Qué es el naming
El naming es el proceso mediante el cual se crea o se elige el nombre de una marca, producto o servicio. Suena simple, pero es de las decisiones de branding con más consecuencias a largo plazo, porque el nombre aparece en todo: en el dominio del sitio web, en las redes sociales, en el registro legal, en cada conversación que alguien tiene sobre tu negocio.
A diferencia de un logotipo, que se puede rediseñar sin perder el reconocimiento del nombre, cambiar el nombre de una marca después de varios años obliga prácticamente a empezar de cero el reconocimiento acumulado.
Por qué es difícil de revertir
Cada vez que un cliente busca tu negocio en Google, lo recomienda de boca en boca, o lo etiqueta en redes sociales, está usando el nombre que elegiste. Todo ese reconocimiento queda atado a esa palabra específica. Cambiarla no borra el pasado, pero si fragmenta el reconocimiento: parte de la gente sigue buscando el nombre viejo, y hay que reconstruir desde cero el nuevo.
Por eso el naming merece el mismo nivel de investigación que el logotipo, aunque parezca "solo una palabra".
Tipos de nombre de marca
La mayoría de los nombres de marca caen en alguna de estas categorías:
- Descriptivos: dicen literalmente que hace el negocio, como "Pizza Hut". Faciles de entender, difíciles de diferenciar.

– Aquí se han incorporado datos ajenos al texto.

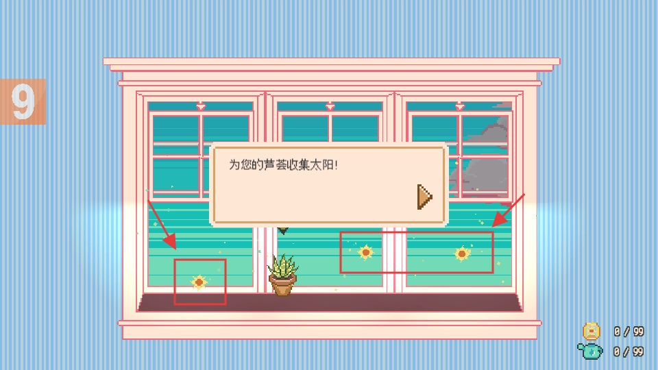 3、收集窗户区域的阳光,为【芦荟】补充阳光养分。

- Fundacionales: usan el nombre del fundador o un nombre propio, como "Ford" o "Ferrari".
- Evocativos: sugieren una idea o sensación sin describir literalmente el producto, como "Amazon" (la selva, la escala).

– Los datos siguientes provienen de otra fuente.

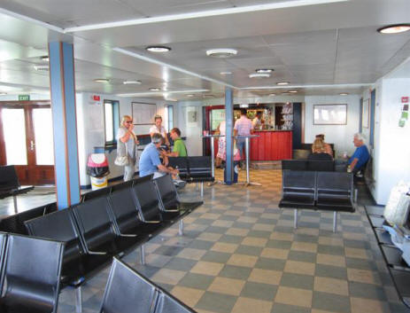 The ramp is lowered and you drive the car onto the boat deck (below) directed by the staff. You get out of the car and cliimb some stairs to the passenger area where there is a snack bar (below right.)

- Inventados: palabras creadas desde cero, como "Kodak" o "Xerox", que no significan nada hasta que la marca les da significado.
- Acronimos: siglas de un nombre más largo, como "IBM".

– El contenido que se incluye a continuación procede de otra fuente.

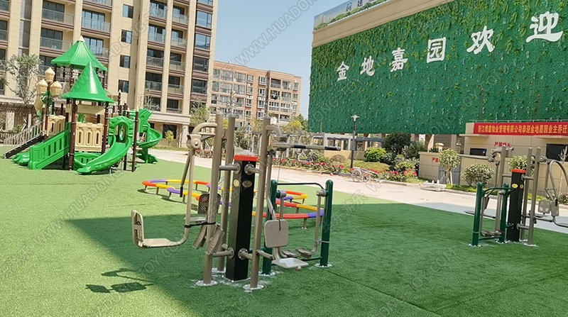 • 碧桂园金地嘉园项目是国内大型房地产项目,整个项目采用以环保的绿色为主,主体游乐设备采用绿色的森林系列大型滑梯组合,新增了摇摇乐,健身器材,万能秋千组合等游乐设备,不仅仅丰富了小区的休闲娱乐,也为小朋友玩耍提供了场所。

Ninguna categoría es mejor en abstracto. Un nombre descriptivo ayuda a que un negocio nuevo se explique solo, mientras que un nombre inventado da más libertad legal y de marca a largo plazo, pero exige más inversión en darlo a conocer.
Criterios que si importan
Más allá del gusto personal, hay pruebas concretas que un buen nombre debería pasar:
- Se puede pronunciar y escribir sin ambigüedad después de escucharlo una sola vez.
- El dominio web está disponible, o al menos una variante razonable sin números ni guiones forzados.
- No choca con una marca registrada en la misma categoría de negocio, lo cual conviene revisar antes de encariñarse con una opción.
- No tiene significados negativos en otros idiomas o regiones si el negocio planea crecer fuera de su mercado inicial.
- Deja espacio para crecer, evitando nombres tan específicos que limiten al negocio si algún día amplia lo que ofrece.
Errores comunes al elegir uno
El error más común es elegir un nombre porque le gusto a alguien del equipo fundador, sin probarlo con clientes reales ni revisar disponibilidad legal o de dominio. El segundo error frecuente es elegir un nombre demasiado genérico dentro de su categoría, lo cual hace casi imposible posicionarse en buscadores porque se compite contra miles de resultados con la misma palabra.
Un buen proceso de naming no busca el nombre que más le guste a los dueños del negocio, busca el que funcione mejor para las personas que todavía no conocen esa marca.